As a foreigner moving into a new country, you are guaranteed to listen to quite a few boring clichés. They are most likely to come from all of your usual suspects, those being family, friends, and older family friends, and most of the time we are likely to just accept these comments, all the while patiently brushing them off. However, the most common, and easily least pleasant source of advice, always seems to be unwanted on-lookers who, upon listening to the fact that you are moving abroad, feel the right to share their own – brief – exchange experience which took place closer to the cold war than to the great recession.
And while that advice is objectively unwanted, it is not necessarily unwarranted. As disconnected observers, these shameless commentators do have an advantage over your family members, they are given the grace of honesty. They can tell you whatever it is they did and felt without ever regretting it as your opinion of them falls into disarray. And so, it was from those people that I heard a piece of advice that seemed to have been rehearsed years prior by each and every one of them: “Do not, only, befriend people from your country.”
It is right now where I feel like a little background information could be useful. I am Brazilian, the warmest, gentlest, and most fun people in the world – and this is not up for discussion. So, it seems therefore rather contradictory for me to have been warned against maintaining myself around them. In your early stages as an international student it is so appealing to speak your own language again, discuss the minute nuances of your accents and criticize the same football teams as you did back home. Such behaviors kept me, and still keeps me, in touch with what is my essence, and make it so that there is always a piece of home with me. But as time goes on it becomes clear that you can either grow past this or become captive to it. Or at least it should.
There are multiple steps to moving away from a country which we overlook and all those people priorly cited fail to mention.
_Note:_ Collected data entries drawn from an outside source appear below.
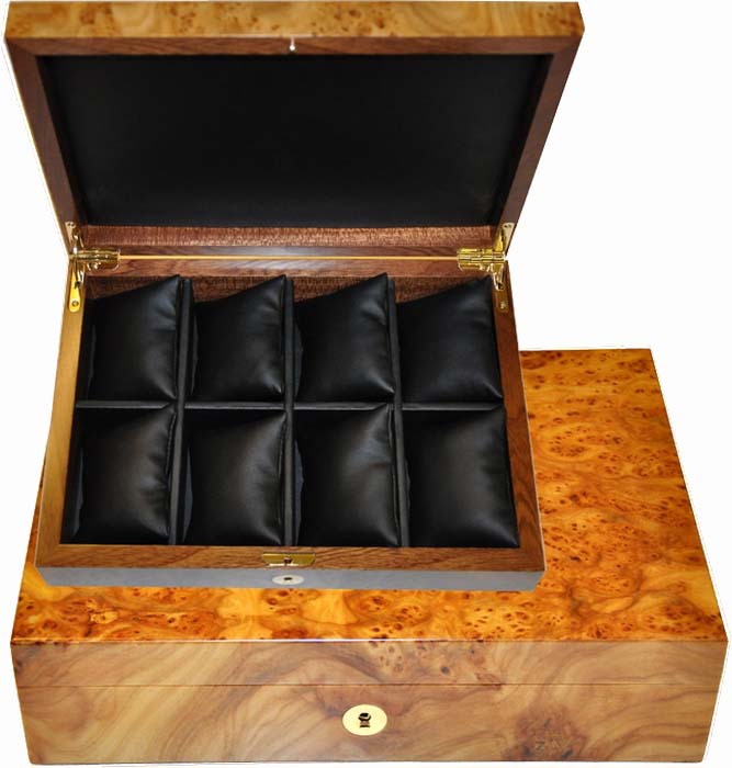 Coffret de luxe en loupe d'orme pour montres, 8 coussins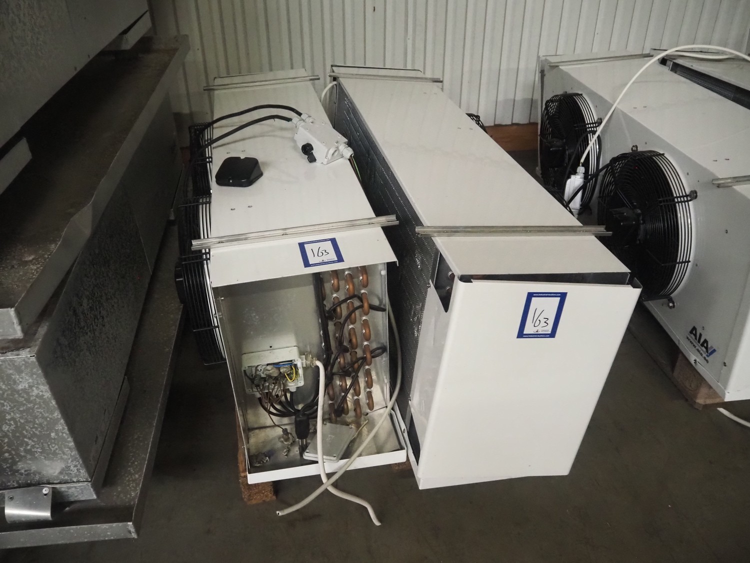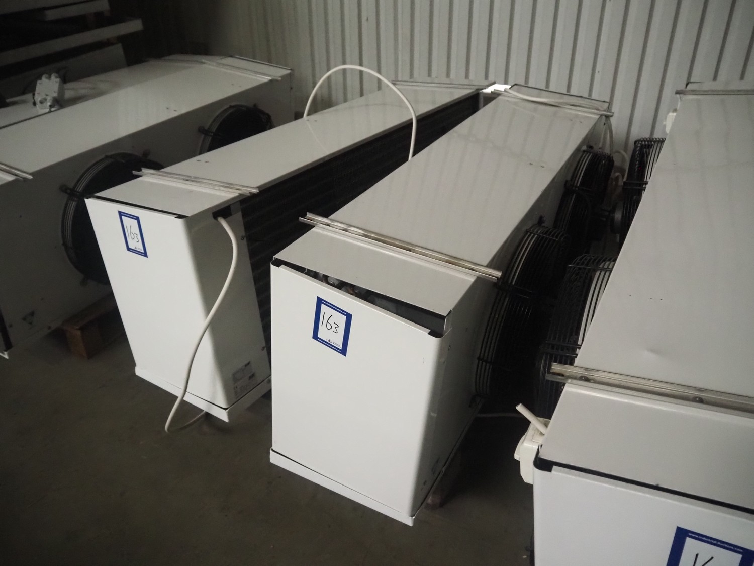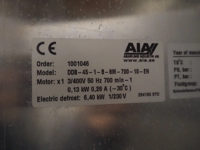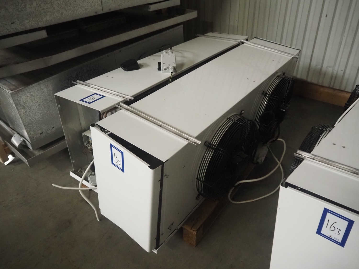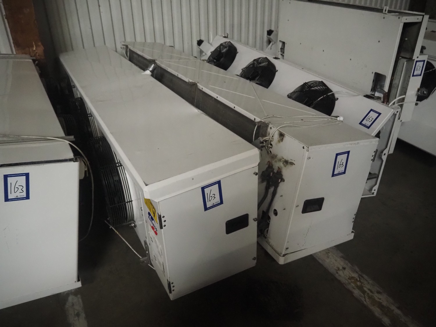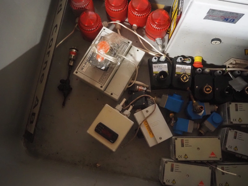 Complete cooling installation consisting of: SCM Frigo S.p.a. cooling compressor rack consisting of 5 Bitzer cooling compressors, type compressors: (3x) 4HTC-15K-40S and (2x) 4HTC-15K-40S, dimensions: 4450 mm x 1000 mm x 2000 mm, Güntner roof condenser, 3 fans, dimensions: 4450 mm x 1000 mm x 2200 mm, 31 evaporators, among others: AIA, Searle and Güntner, dimensions: (11x) 2300 mm x 350 mm x 550 mm, (4x) 2550 mm x 420 mm x 550 mm, (4x) 1500 mm x 400 mm x 520 mm, (1x) 1340 mm x 850 mm x 260 mm, (11x) 1400 mm x 1600 mm x 400 mm, switch cabinet, dimensions: 1000 mm x 1000 mm x 300 mm, pallet with parts.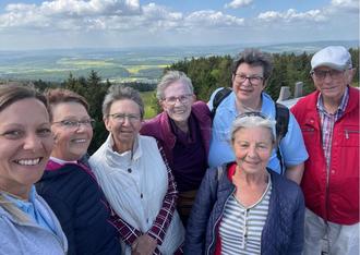 Am Ziel angekommen, wagten viele Seniorinnen und Senioren den Aufstieg auf den Aussichtsturm, wo in windiger Höhe die wunderbare Aussicht genossen wurde.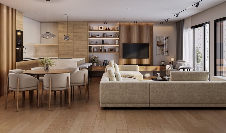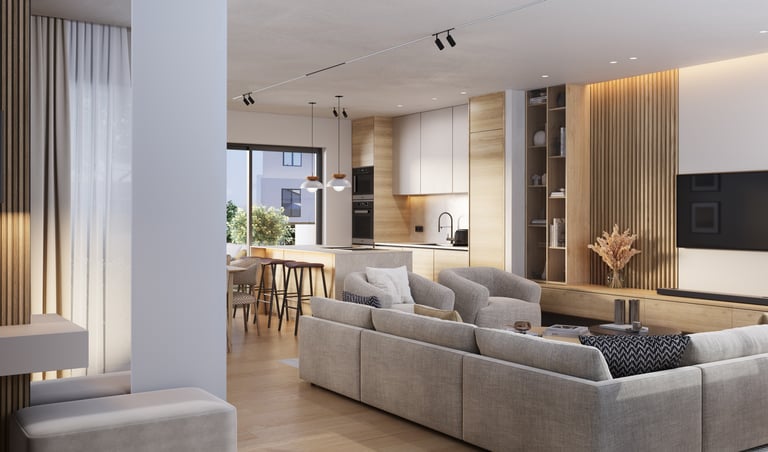 Φωτεινός, ζεστός χώρος με σύγχρονη μινιμαλιστική αισθητική.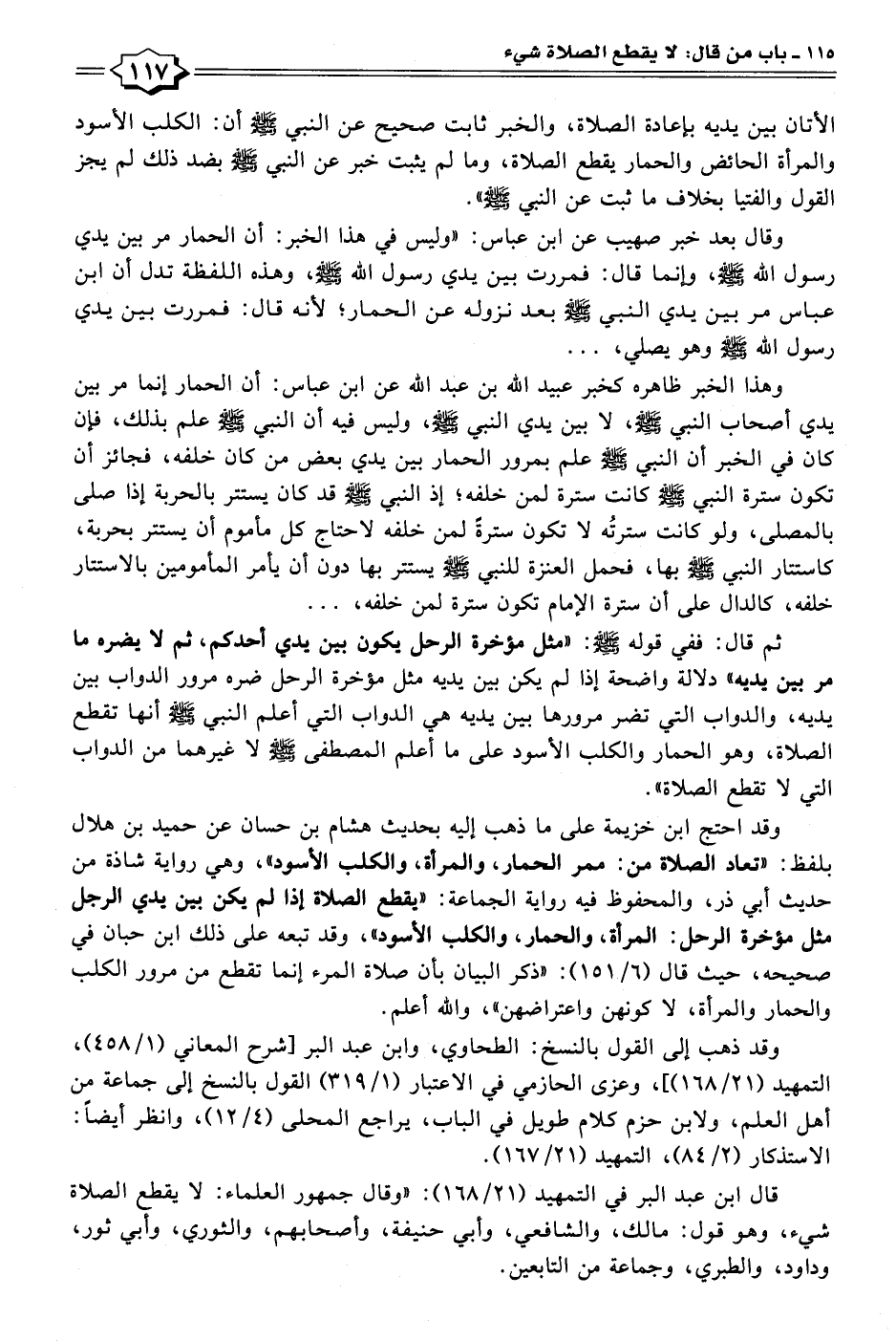 ثم قال: ففي قوله - صلى الله عليه وسلم -: "مثل مؤخرة الرحل يكون بين يدي أحدكم، ثم لا يضره ما مر بين يديه" دلالة واضحة إذا لم يكن بين يديه مثل مؤخرة الرحل ضره مرور الدواب بين يديه، والدواب التي تضر مرورها بين يديه هي الدواب التي أعلم النبي - صلى الله عليه وسلم - أنها تقطع الصلاة، وهو الحمار والكلب الأسود على ما أعلم المصطفى - صلى الله عليه وسلم - لا غيرهما من الدواب التي لا تقطع الصلاة".

Stepping onto the plane is the smallest of steps, from then on, we must all face our very own herculean labors. They come in different forms: from accepting that the pasta you cook here tastes worse than your mother’s, to understanding that no matter how hard you try you will never be able to talk to your closest friends as much as you did before.
When the harsh truths come forth, the instinctual reaction of returning to your roots becomes ever more intense. No matter who you are, the lows of being away from your loved ones will get to you, and your national community will be the most prominent medicine to fix that broken heart. Yet, as with life, you can never become overly reliant on medicine.
Of course, it is good, and it may just be necessary, but in leaving your home you made a choice to see what was on the other side, right? Remember when you decided, to cross an ocean to see Italy and to meet people who you could never have met back home? Do you remember how pretty the Duomo looked when you saw it for the first time or how scary Ravizza seemed the first time you heard someone got robbed there? As soon as you begin to limit yourself to what is outside in fear of losing yourself in it, you just might become numb to feeling like that ever again.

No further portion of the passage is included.